Lahm, Neuer, Müller, Schweinsteiger, Özil? Jogi Löw kneift

München - Letztes Jahr hatte es Joachim Löw einfach. Weil sowieso klar war, dass Lionel Messi vom FC Barcelona die Wahl zum Weltfußballer gewinnen würde, konnte der Bundestrainer seine drei Stimmen recht entspannt abgeben. Was er so machte: Mesut Özil (damals Real Madrid, heute FC Arsenal) an eins, Bayern-Torhüter Manuel Neuer an zwei. An die dritte Position setzte Löw den Spanier Xavi vom FC Barcelona. Özil wurde mit 0,41 Prozent der Stimmen 14., Neuer erreichte Rang 19 (0,21) – Löw wurde ein wenig belächelt. Das Podest der Wahl, berechtigt sind die Trainer und Kapitäne aller Nationalmannschaften sowie ein Journalist pro Land, belegten: Messi vor Cristiano Ronaldo und Andrés Iniesta.
Und dieses Mal? Hat sich Löw gedrückt, er hat selbst die verlängerte Frist zur Stimmabgabe (letzte Chance am 29. November) verstreichen lassen. Der Grund: Es sind mit Nationalelf-Kapitän Philipp Lahm, dessen Vertreter Bastian Schweinsteiger, Torhüter Manuel Neuer, Thomas Müller (alle FC Bayern) sowie Mesut Özil (Arsenal) fünf von Jogis Jungs unter den letzten 23 nominiert. Er hat aber nur drei Stimmen – was tun, um keinen zu beleidigen? Nichts. Jogi, der Nichtwähler.

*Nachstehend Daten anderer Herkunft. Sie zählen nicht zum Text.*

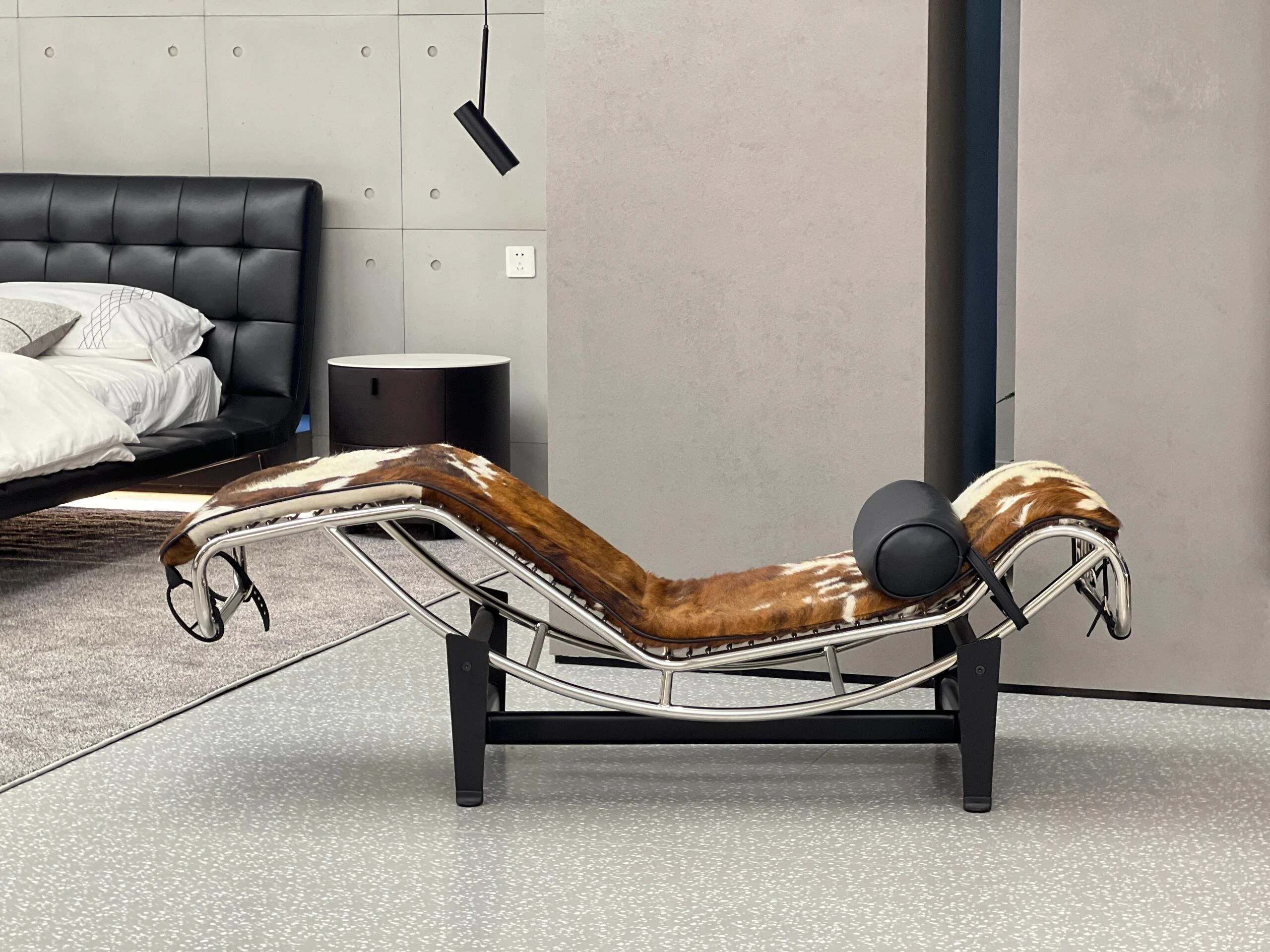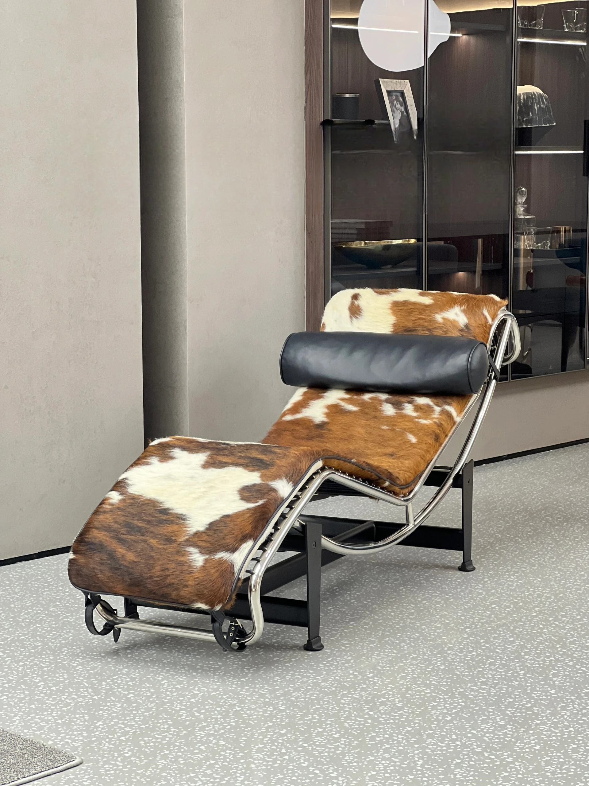 イタリアンラグジュアリー中古風デザイナーチェア!毛牛皮使用の高級リクライニングチェア、別荘や豪邸にぴったりのLC4スタイル。優雅なデザインでリラックスしたひと時をお楽しみください。

Weil er nicht objektiv und unparteiisch abstimmen könne, da er sich gegen zwei seiner Spieler entscheiden müsse, habe er sich enthalten, so heißt es beim DFB. Ein weiteres Problem: Die Fifa macht die Stimmzettel der Jury-Mitglieder am Ende öffentlich, nicht mal die Geheimniskrämer-Karte also zieht. Dies alles hat laut "Sport Bild" Helmut Sandrock, Generalsekretär des DFB, in einem Schreiben an Generalsekretär Jérôme Valcke vom Weltverband Fifa mitgeteilt und dafür um Verständnis gebeten.
Und Lahm, der DFB-Kapitän? Hat schon gewählt. Franck Ribéry vor Ronaldo und Messi. Clever – und sehr diplomatisch. Ein Bayer soll gewinnen, die Nationalelf-Teamkollegen hat er außen vor gelassen. Dabei hat das Quintett keine echte Chance auf die Auszeichnung – klare Favoriten sind Ribéry (München), Ronaldo (Real Madrid) und Messi, der in den vergangenen vier Jahren den "Ballon d'Or" ("Goldener Ball") entgegen nehmen durfte.
Lahm hat übrigens ganz im Sinne seines Vereinspräsidenten abgestimmt. "Es kann nur ihn als Gewinner geben", sagte der Bayern-Präsident zu "Sport Bild" über Europas Fußballer des Jahres, der bis zu den WM-Playoffs im November als Favorit auf die weltweite Krönung galt. Ronaldo traf für sein Land Portugal in den Ausscheidungsspielen gegen Schweden (1:0 und 3:2) vier Mal. Und Ribéry mühte sich mit den Franzosen gegen die Ukraine (0:2, 3:0) weiter.
"Ich spüre, dass sich da die öffentliche Meinung ein bisschen gedreht hat. Aber in der Zwischenzeit hat sich ja nichts geändert", sagte Hoeneß, "Franck hat ja in diesem halben Jahr seit Saisonende überragende Leistungen gezeigt." Und schließlich: "Ich hätte absolut kein Verständnis, wenn Franck, der total überragend Europas Fußballer des Jahres wurde, nicht Weltfußballer wird." Nur: Hoeneß darf nicht abstimmen, sein Kumpel Ottmar Hitzfeld, der Schweizer Nationaltrainer, schon. Wen er auf eins setzte? Ribéry – bien sûr.
Am Montag gibt die Fifa die Top3-Kandidaten bekannt (ohne Reihenfolge), am 13. Januar wird in Zürich der König gekrönt. Tendenz: Ribéry oder Ronaldo. Messi eher nicht. Zu viele deutsche Nationalspieler auf der Liste: Der Bundestrainer enthielt sich der Stimme. Lahm dagegen war clever: Er wählte Ribéry, seinen Bayern-Kollegen. Und der ist noch im Rennen.